Monitoring & observability

Health endpoints, structured logging, request tracing, metrics, and alerting for Astrocyte in production.

Health endpoints

Three endpoints for liveness, readiness, and ingest health. All are exempt from rate limiting.

GET /live — liveness probe

Returns 200 if the process is running. No dependency checks.

curl http://localhost:8080/live

{"status": "ok"}

Use for Kubernetes liveness probes — if this fails, the process is dead.

GET /health — readiness probe

Checks all critical dependencies (vector store, database). Returns latency for SLO tracking.

curl http://localhost:8080/health

Healthy (200):

{
  "healthy": true,
  "message": "healthy",
  "latency_ms": 45.2,
  "last_check_at": "2026-04-13T10:30:45.123456+00:00"
}

Unhealthy (503):

{
  "detail": "Health check timed out (dependencies such as the vector store did not respond in time)."
}

The health check has an 8-second timeout — if dependencies don’t respond in time, the endpoint returns 503 immediately to prevent load balancer hangs.

Use for Kubernetes readiness probes and load balancer health checks.

GET /health/ingest — ingest pipeline health

Monitors ingest sources (poll, stream, webhook) independently of core storage.
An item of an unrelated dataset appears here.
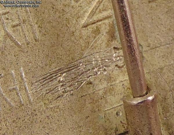 The serial number has been partly erased, obviously to conceal the identity of the original owner; nevertheless, most of its digits are still legible (the first three appear to be "414"). Beside the erased number, the order is in excellent condition. The enamel has a couple of small contact marks but no chips, significant flakes or excessive rubbing and retains a nice luster. The gold and silver finishes are very well- preserved.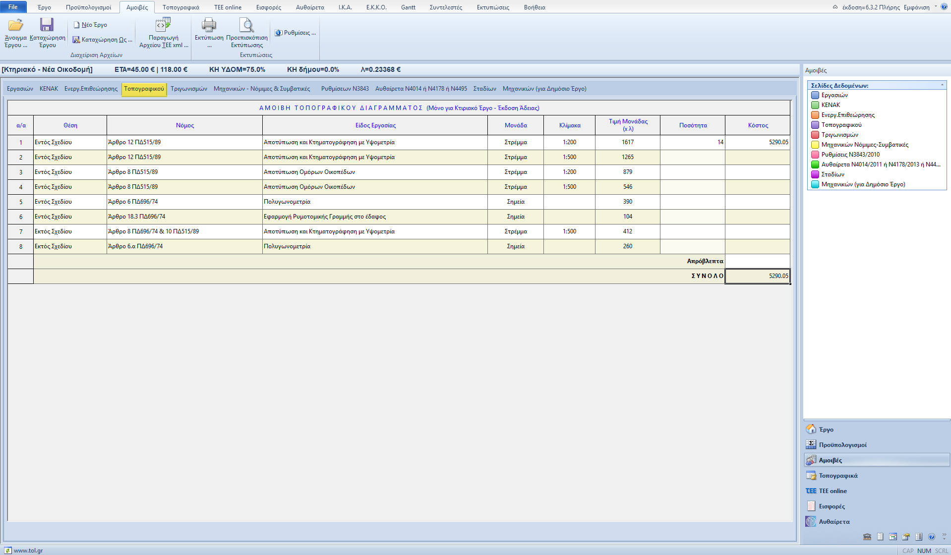 Υπολογίζονται οι Αμοιβές Τοπογραφικών Εργασιών για την έκδοση οικοδομικών αδειών κτιριακών έργων.

curl http://localhost:8080/health/ingest

All healthy (200):

{
  "status": "ok",
  "aggregate": {
    "healthy": true,
    "message": "all ingest sources healthy"
  },
  "sources": [
    {"id": "github_issues", "type": "poll", "healthy": true, "message": "Last poll succeeded"},
    {"id": "redis_events", "type": "stream", "healthy": true, "message": "Consumer group lag: 5"}
  ]
}

Degraded (200 with status: "degraded"):

{
  "status": "degraded",
  "aggregate": {
    "healthy": false,
    "message": "unhealthy sources: github_issues"
  },
  "sources": [
    {"id": "github_issues", "type": "poll", "healthy": false, "message": "GitHub API rate limit exceeded"}
  ]
}

No sources configured:

{
  "status": "ok",
  "aggregate": {"healthy": true, "message": "no ingest sources configured"},
  "sources": []
}

This endpoint is public (no admin token required). For detailed source admin info, use GET /v1/admin/sources with X-Admin-Token.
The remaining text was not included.